My first "real-life" artificial intelligence project
~ 3 mins to read

Recently I've been reading and watching a lot about AI. I did some trials and had a lot of fun with it. So, I was looking forward to having a real-life project to try out my newly acquired skills. Due to some internal changes at work, we got a list of users without user IDs and we had to match those users to Active Directory accounts.

The "fun" part of the whole thing was that there is no easy way to match the list of users to the list of users in the Active Directory. To make things even more interesting, the whole matching had to be done in 2 days for about 3 000 users.

The Challenge

We had to face a couple of challenges:

  • 2 days to complete the entire matching job for about 3 000 names
  • Lots of misspelled names in all systems. E.g. there might be a John Smith in one system, but only a John Smythe in the list. The same goes for writing double-names with dashes, spaces, etc.
  • There might be people with identical names, and we did not know from our list whom we should match with that, at least not algorithmically

The Solution

My idea was to perform the matching based on text similarity. I was hoping that this would reduce the number names that need to be checked manually to a handful.

Text similarity is a tricky thing. There are several algorithms to choose from. The first one I tried was cosine similarity, using the character frequency of each name as the vector. However, the method I chose did not consider the order of the letters in the names, so I got lots of false matches.

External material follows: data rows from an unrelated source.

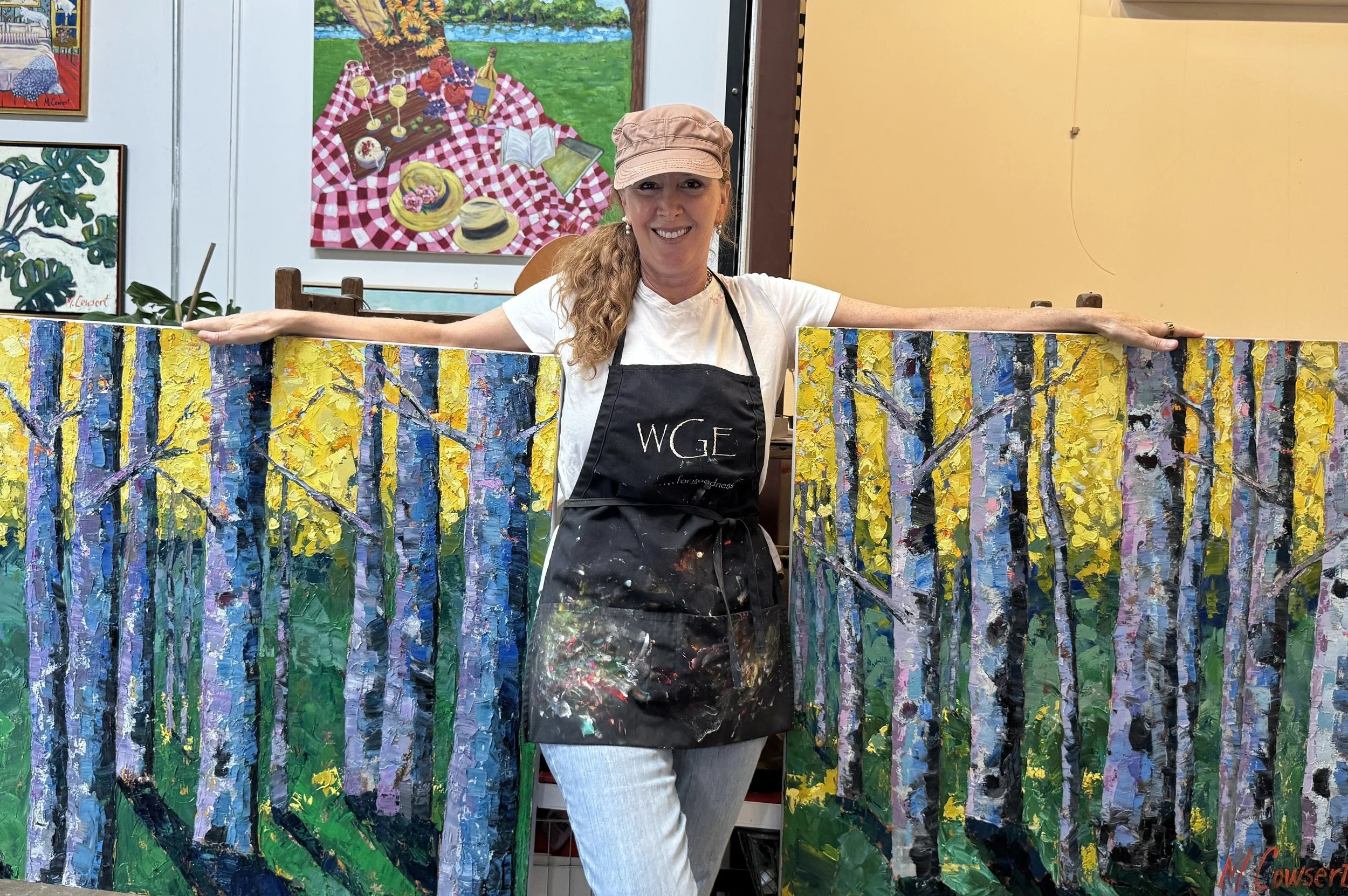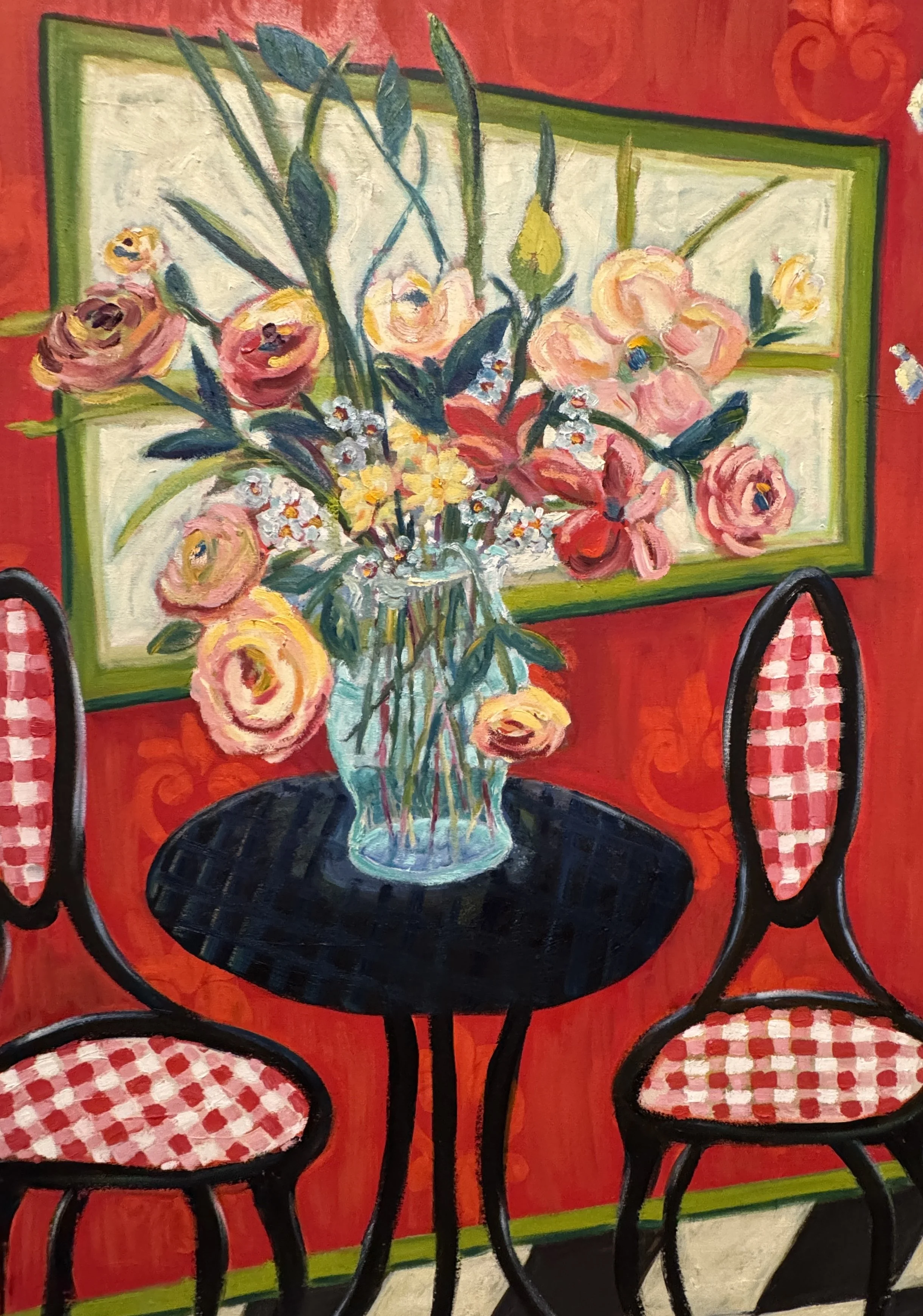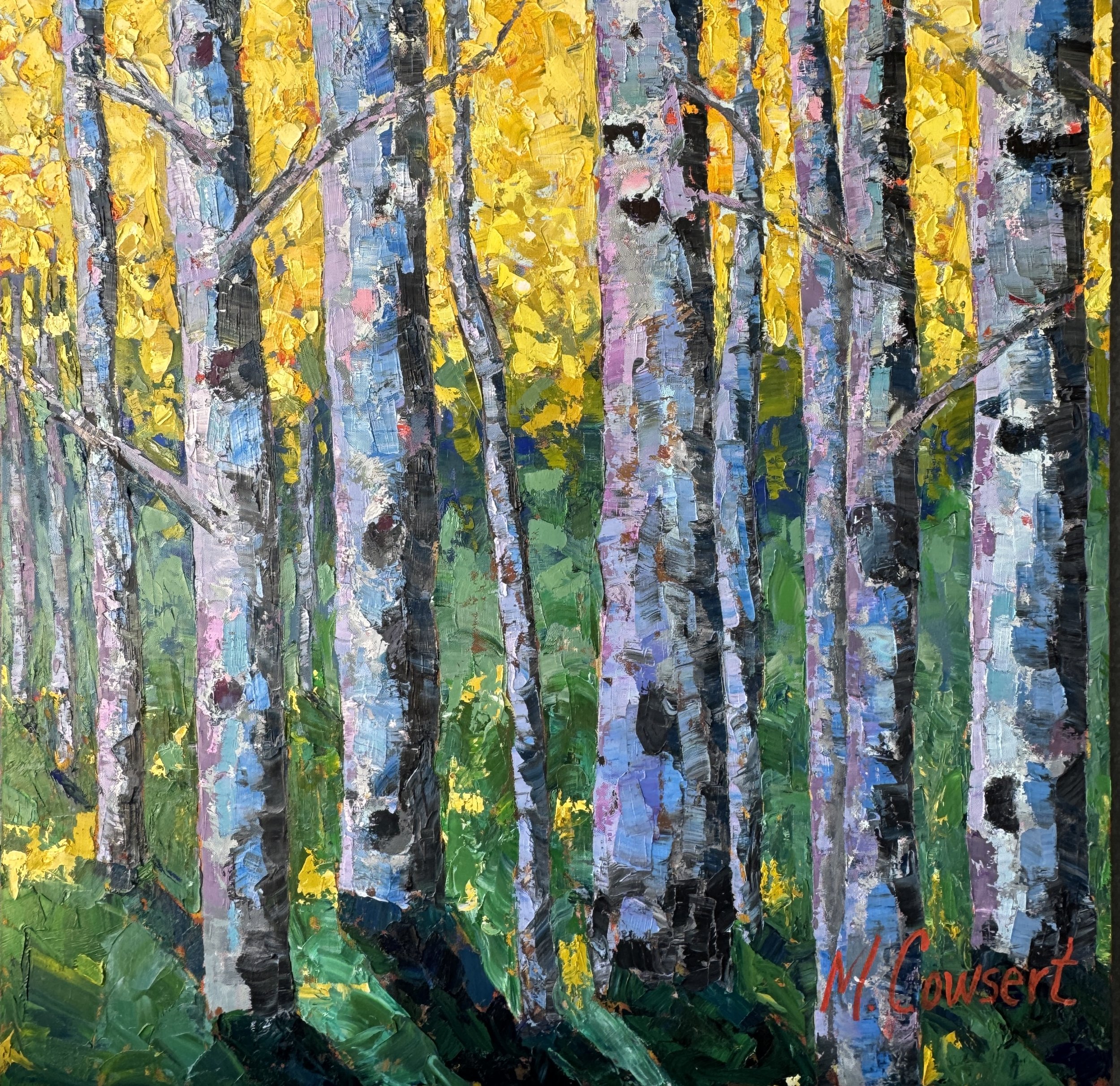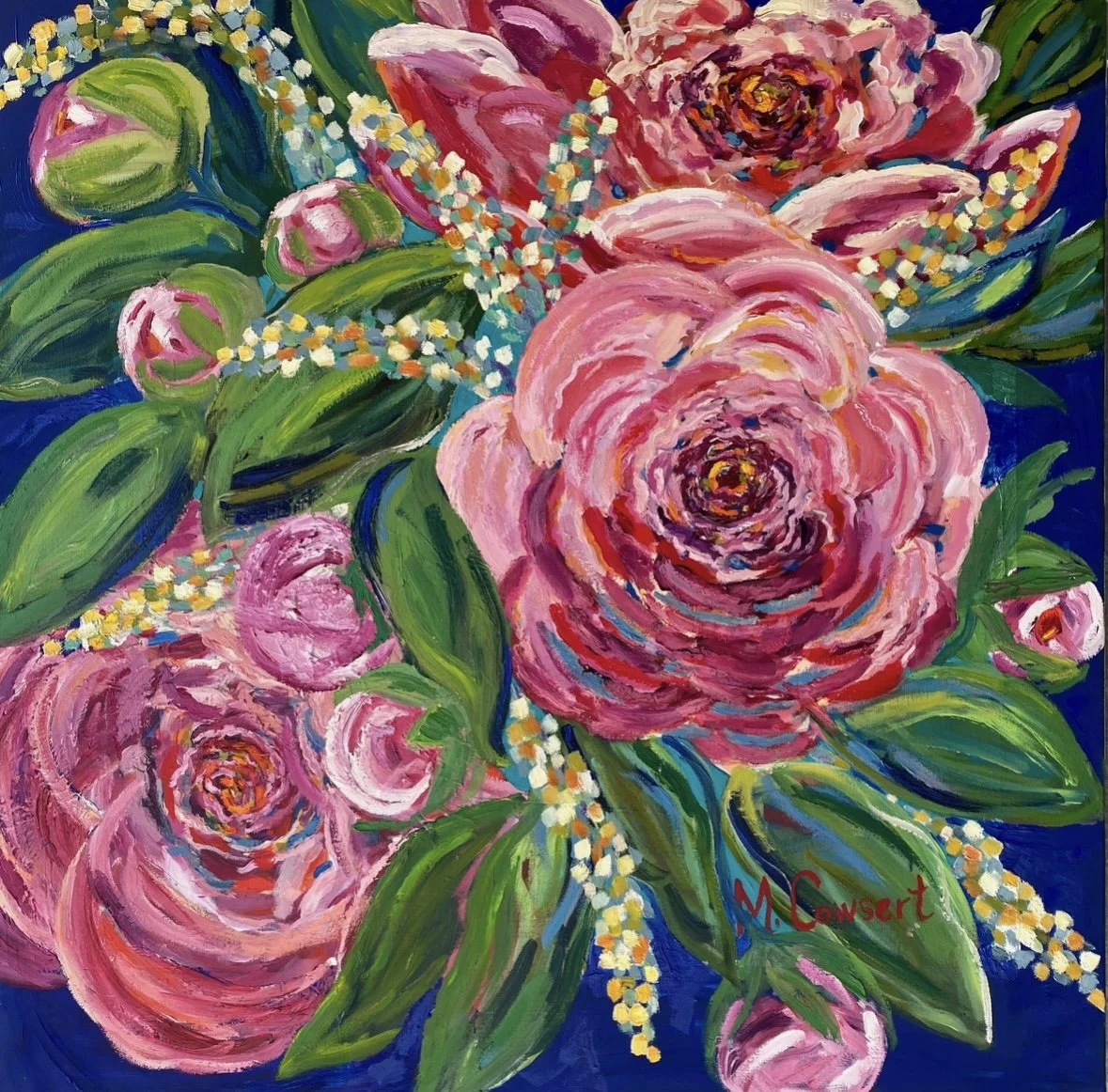 “My subject matter is derived from what I see and feel. Like life however, it is layered, at times completely unorganized, and changes during the process many times. For me personally the painting process has been healing and joyful. Through my artwork, I try to bring the outside in, and while I make no attempt to portray my subjects in an exact likeness, I do try to aesthetically honor the nature that has inspired me in the first place.”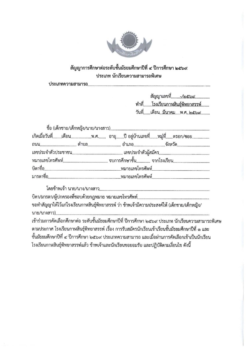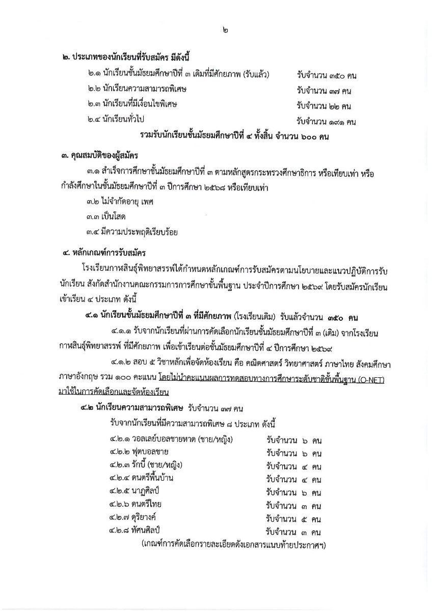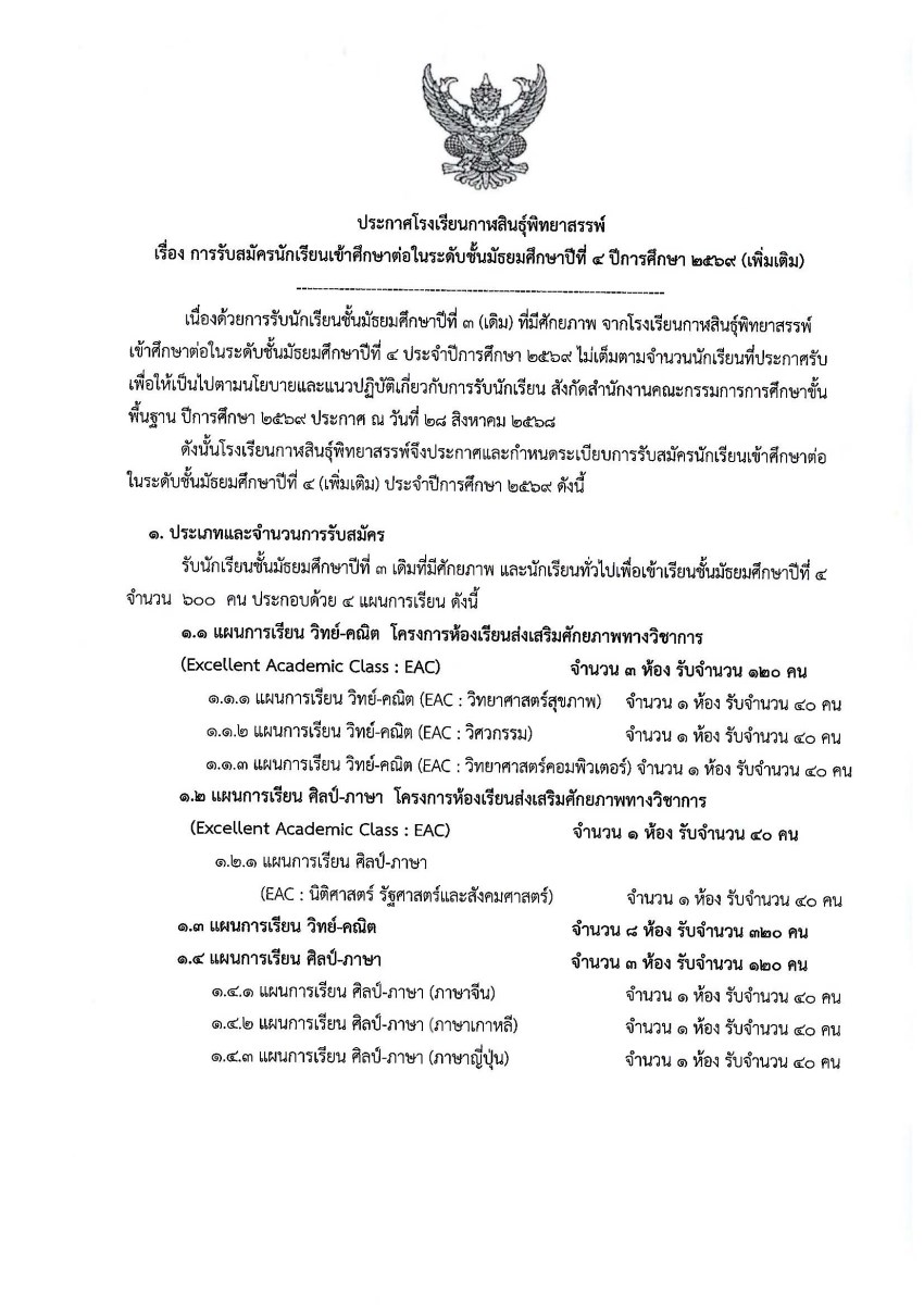 การรับสมัครนักเรียนเข้าศึกษาต่อในระดับชั้นมัธยมศึกษาปีที่ 4 ปีการศึกษา2569 (เพิ่มเติม)
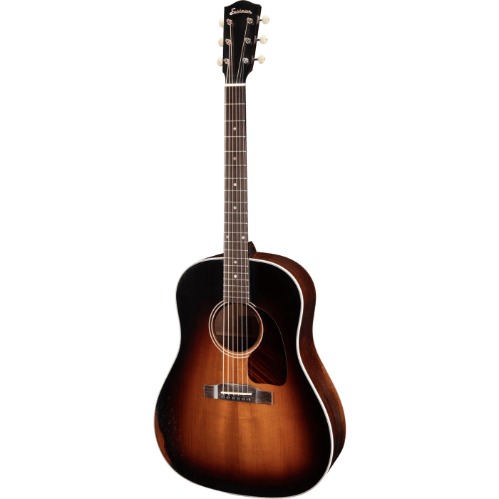 Slope shoulder dreadnought zijn simpelweg aantrekkelijk...dit model ademt de geschiedenis van de akoestische flattop western gitaar. De E15SS is Eastman's versie van een J50 met de iconische J45 bodyvorm. Hij heeft een massief adirondack spruce bovenblad, massief mahonie zij- en achterkant, mahonie hals, palissander toets en handgesneden scalloped X-bracing. Helemaal raak is de smaakvolle aged look van deze vintage antique varnish / "V" versie!

As I digged deeper, I came across a method named Ratcliff-Obershelp algorithm. In this case, similarity of two strings is defined as the number of matching characters divided by the total number of characters in the two strings, times two. Running the test with this algorithm on a testing batch of 300 names, I found that there was a false match ratio of 4.3 %.

My colleague proposed the idea that we should speed up the matching process by not calculating the similarity of names which are 100 % matches in the first place. By doing so, we could shave off 27 % of the matching time.

While going through the list, we figured out that some people from the Active Directory are matched to several people, even though they got a 100 % match before. To eliminate this, we decided to remove these folks from the list containing our Active Directory users as soon as a match is reached.

The test results were already quite satisfactory, but there was still one issue left. We had some people in our name list whose names were written like Smith, John instead of John Smith. So, I added a list of conditions in a dictionary with lambda methods to reverse the names if the conditions were met.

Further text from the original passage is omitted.